As regular CFZ-watchers will know, for some time Corinna has been doing a column for Animals & Men and a regular segment on On The Track... particularly about out-of-place birds and rare vagrants. There seem to be more and more bird stories from all over the world hitting the news these days so, to make room for them all - and to give them all equal and worthy coverage - she has set up this new blog to cover all things feathery and Fortean.

Thursday 17 January 2013

Lower bird species numbers attributed to two-year drought

Wednesday, January 16, 2013 1:06 AM CST

The drought affecting South Texas during the past two years has had an impact on area bird populations according to numbers from the Dec. 28 Christmas Bird Count.
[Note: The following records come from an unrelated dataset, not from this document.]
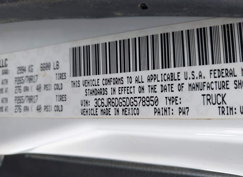 - VIN: 3C6JR6DG5DG578950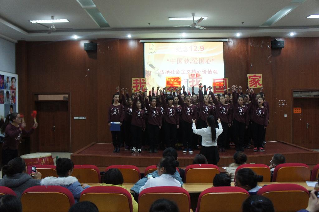 为纪念12.9运动,弘扬爱国主义精神,12月9日晚,Bevictor伟德团总支在奂山书院举办“中国梦.爱国心”——弘扬社会主义核心价值观合唱比赛,经过初选,全院二十个班级参加了比赛,Bevictor伟德相关专业课教师担任评委,部分师生观看了比赛。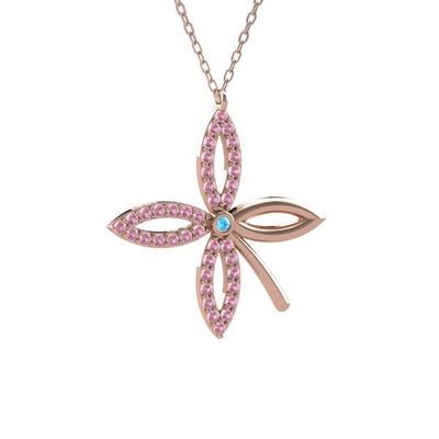 Akuamarin ve pembe kuvars 14 ayar rose altın kolye (40 cm rose altın rolo zincir)

According to Rockport Christmas Bird County compiler Claudia Dorn, 31 adults and 11 young people participated in the all-day count. This year, 150 different species were counted, down from last year’s total of 172.

“We had a good turnout with participants,” said Dorn. “A couple of years ago we had a hard time getting enough participants so it was nice to see so many people helping. We had fourth and fifth graders helping in Area B under the tutelage of Bron Rorex and Martha McLeod.”

With the good participation numbers the count area was divided into seven sectors. “We covered the area from Newcomb Point in Lamar to FM 188 and into Bayside,” said Dorn

Dorn recalled best birds by area as follows:
• Area A (from Newcomb Point, both sides of Copano Bay to Myrtle Street in Fulton):  Common Goldeneye, Ring necked Duck, Kiskadee, Coopers Hawk, and Seaside Sparrow.

 • Area B (Including Little Bay and Rockport Beach):  Mallard, Merlin, Sharp-shinned Hawk, Black-chinned Hummingbird, eight Couch’s Kingbirds, Great Horned Owl, and Pine Warbler.

 • Area C (South of Rockport Beach Park to Shell Ridge Road and across to the Country Club area):  14 Common Loons, Eared Grebe, Anhinga, more than 2,000 Pintails, more than 10,000 Redheads, Ruddy Duck, Clapper Rail, eight Belted Kingfishers.

 • Area D (including Salt Lake and Cape Valero):  Harris’ Sparrow.

 • Area E (from Cape Valero and FM 188 to the Port Bay Bridge):  Widgeon, Bufflehead, 55 Green wing teal, nine Little Blue Heron, 12 White-faced Ibis, Common Paraque, Yellow–bellied Sapsucker, Brown Thrasher, White crowned Sparrow.

• Area F (from Port Bay north of 188 to Bayside) : 13 Red-breasted Mergansers, White-tailed Hawk, Merlin, Peregrine, Western and Least Sandpipers, Gull billed tern, Roadrunner, Tree Swallow, American Pipit, 80 Savannah Sparrows.